Your Excellency, Trevor
Manuel, Minister of Finance of South Africa and
Chairperson of the Commission
Your Excellency, Amara Essy, Interim Chairperson of the
Commission of the African Union
Honourable Ministers and Governors
Distinguished Delegates
Ladies and Gentlemen
It is with great pleasure
that I once again welcome you to Addis Ababa and ECA.
You will recall
that in Algiers in May 2001, we agreed to merge the
Economic Commission for Africa conferences of Ministers of
Finance and Ministers of Economic Development and Planning
into a single Conference to improve our efficiency and
impact. In Johannesburg last year, you urged that Africa's
key regional institutions strategically time their
meetings to better influence international fora. As part
of our response, we agreed to synchronize this Conference
with the African Development Bank's Annual Meetings.

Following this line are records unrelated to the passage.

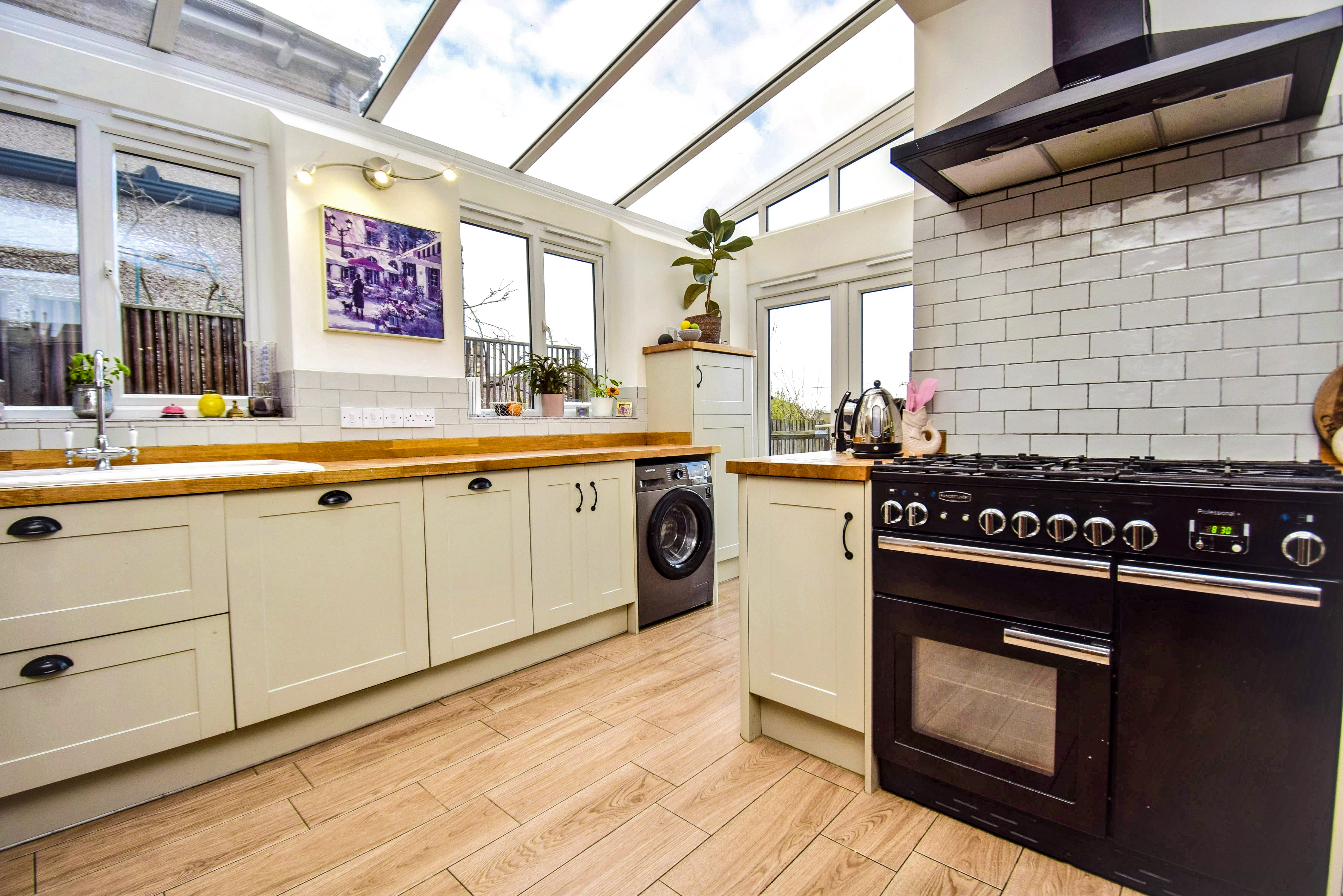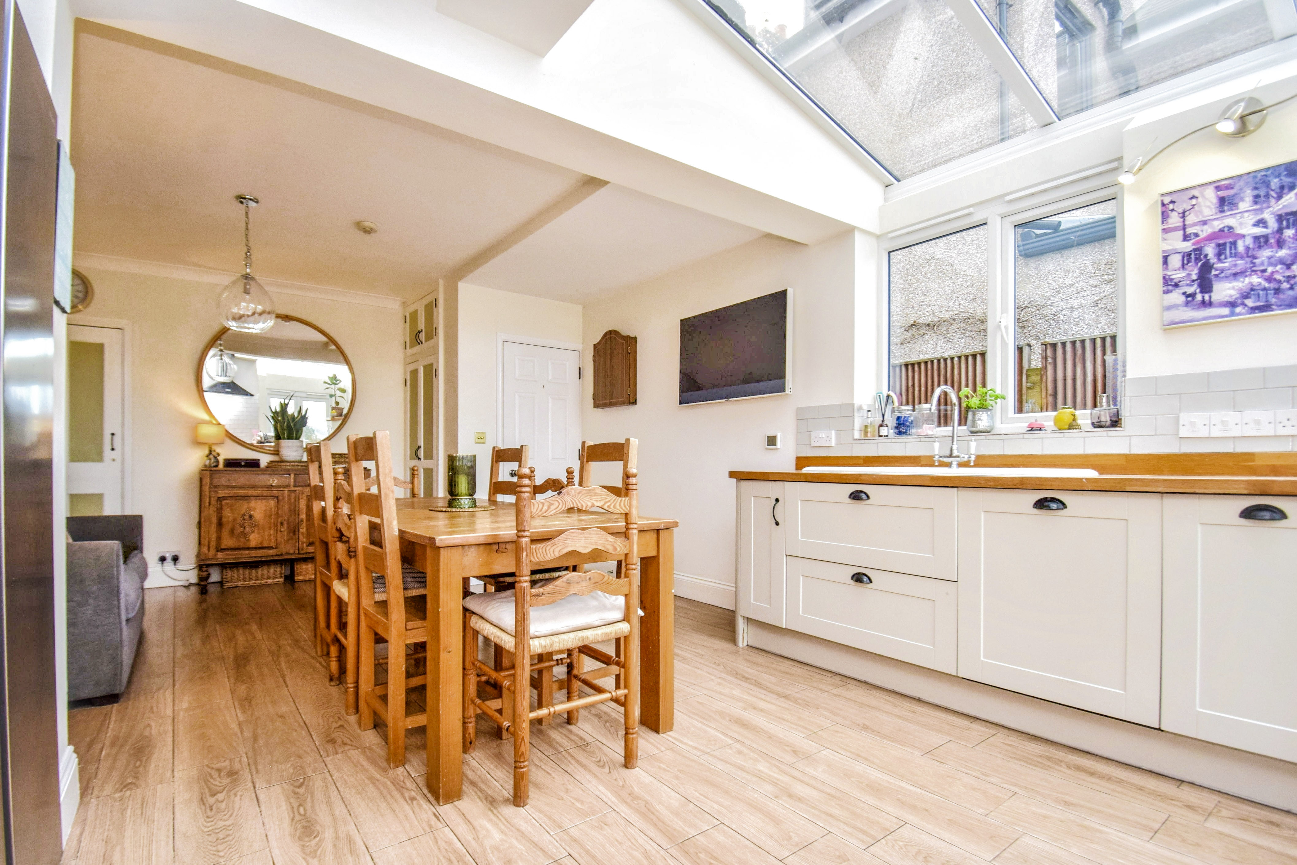 Dining Area: 4.16m x 3.79m (13' 8" x 12' 5"). Kitchen: 4.13m x 3.79m (13' 7" x 12' 5") Bright, airy and open, the superb kitchen and dining space provides an excellent space for communal family time or entertaining, featuring Amtico flooring with underfloor heating throughout and a partly vaulted glass roof. The kitchen comprises a range of wall and base units with Oak worktops incorporating a 1½ bowl ceramic sink unit with single drainer and mixer tap, tiled splashback, a fitted dishwasher, deep pan drawers, carousel unit, Rangemaster with a 5-ring gas hob and extractor hood, glass display cabinet, space for washing machine, space for American style fridge freezer, hidden waste storage, cupboard housing Worcester Bosch gas-fired boiler. There are French doors to the rear which lead out onto the patio, double glazed windows to the side, and a stripped wooden door to the cloakroom. The dining space is very generous and could be adapted to suit individual needs, with coving, doors to a storage cupboard with shelving, and an understairs cupboard with light, shelving and space for a tumble dryer.
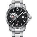 Чёрный циферблат оснащён дополнительным 24-часовым индикатором второго часового поясаВторой часовой поясФункция, позволяющая отображать время двух часовых поясов одновременно. в положении "9 часов", что особенно полезно для путешественников.
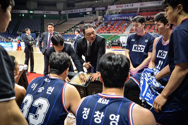 "팀 상황이 안 좋은 건 내가 얘기 안해도 안다"고 말한 전 감독은 "이번 시즌만 끝나고 KCC 농구가 끝나는 게 아니다. 팬들에게 다음 시즌 열심히 할 수 있다는 걸 보여주는 게 지금은 제일 중요하다"고 얘기했다. 그러면서 "부산에서 게임 잘했으면 좋겠다. 비실비실하지 않고 투지 있게 해야 한다"고 했다.
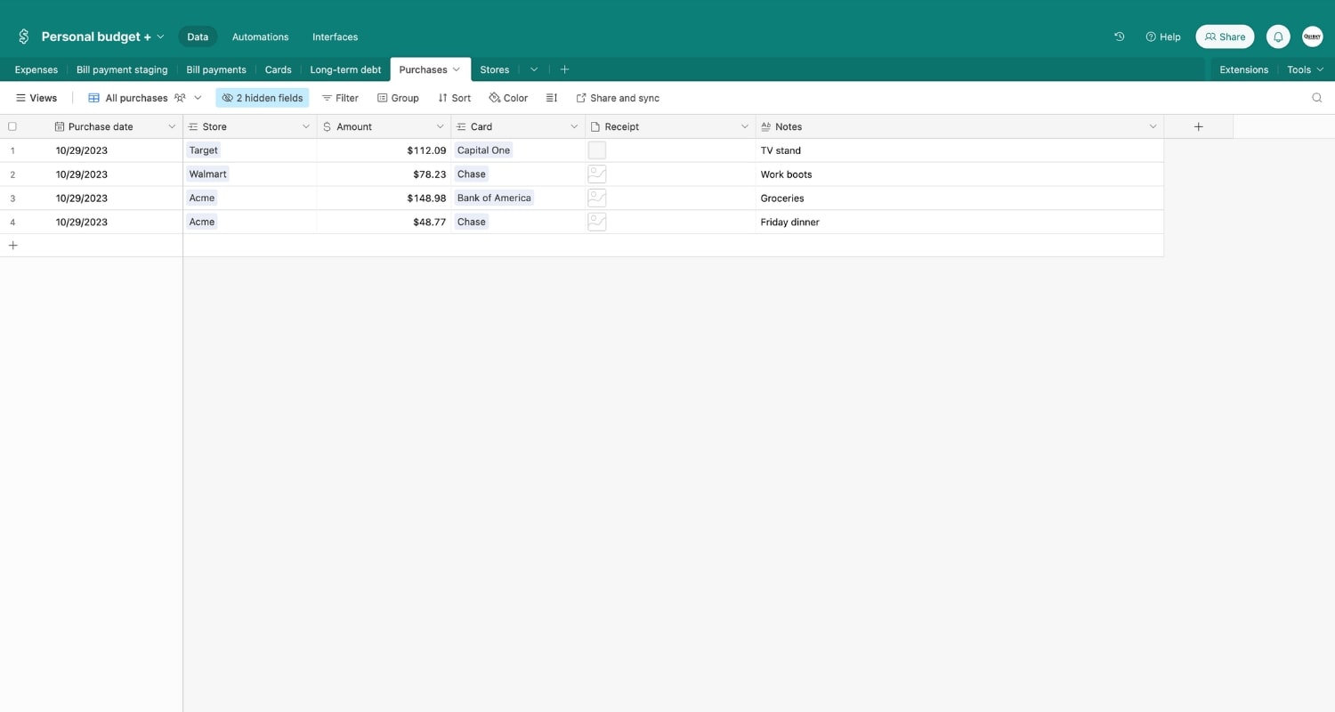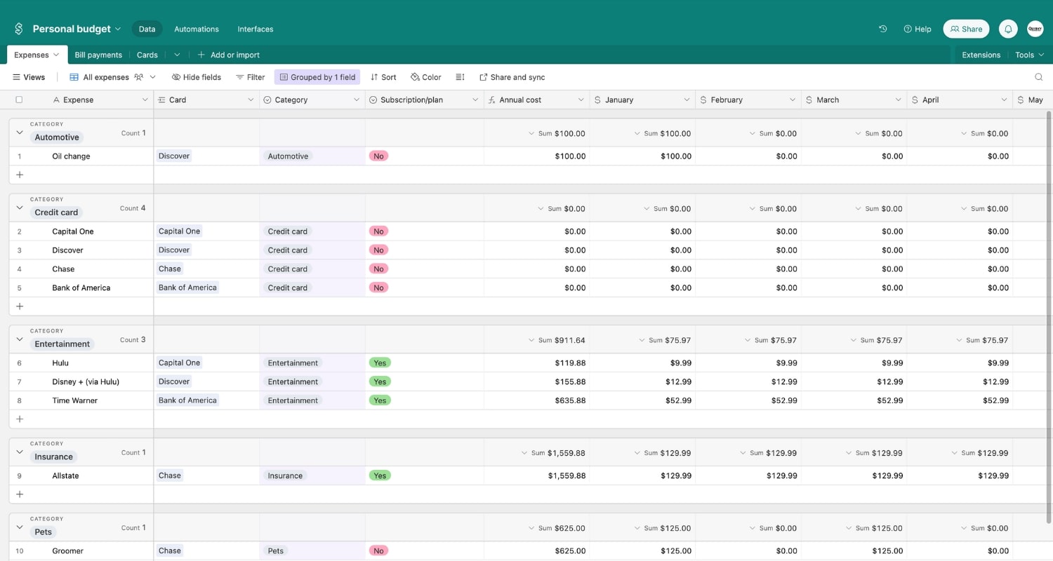 Personal budget Airtable base
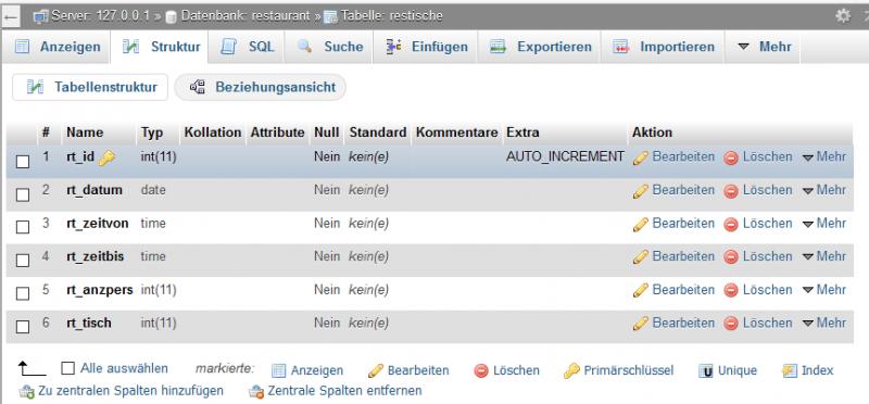 /* lesen alle bereits vorhandenen Daten: Tab: restische */
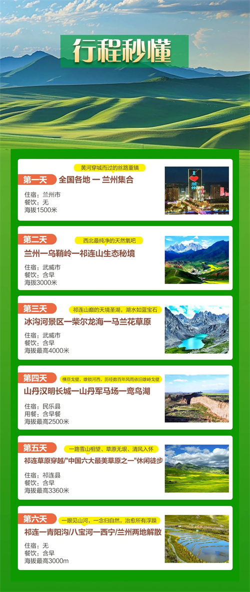 第二日:兰州-乌鞘岭-祁连山生态秘境。今天,我们将来到地处黄土、青藏、内蒙三大高原交汇地带的【乌鞘岭】。从张骞出使西域,到玄奘西天取经,这里曾来过壮志未酬的林则徐,也曾站过意气风发的霍去病。乌鞘岭的云烟和雪山交缠,在风的催使下蜿蜒西去,目之所及皆是雄美壮阔。顺着木栈道走上观景台,抬头是“祁连千峰起,雪山万重连”的巍峨,是三大高原交汇处的震撼。吹一吹先辈们曾吹过的风吧,把他们的信念和勇气延续下去。午后,我们将抵达一个被磨脐山温柔环抱的【藏地秘境】,这里的森林覆盖率高达60%以上,可以尽情呼吸来自海拔2500米以上的纯净空气。沿着步道缓缓上行,这里是一片原生态的秘境,可以远眺祁连山的壮丽景色,继续前进抵达高山草甸区域,夏季时节,这里绿草如茵,野花遍地,犹如天然的锦绣地毯。稍事休息,我们傍晚入住武威市。

I
would like to thank my brother, Omar Kabbaj, for the
excellent collaboration of ABD and for making this
possible.
Honourable
Ministers and Governors
Before
speaking to the issues on today's agenda, allow me to
briefly reflect on the work and increasing importance of
this Conference.
As
part of ECA's reforms begun in 1996, we proposed some
changes to the legislative machinery that guided the
Commission's work. We argued that quality was better than
quantity, and that we should strive to make all our
meetings and conferences substantive and strategic, and to
tie them more closely to Africa's development agenda.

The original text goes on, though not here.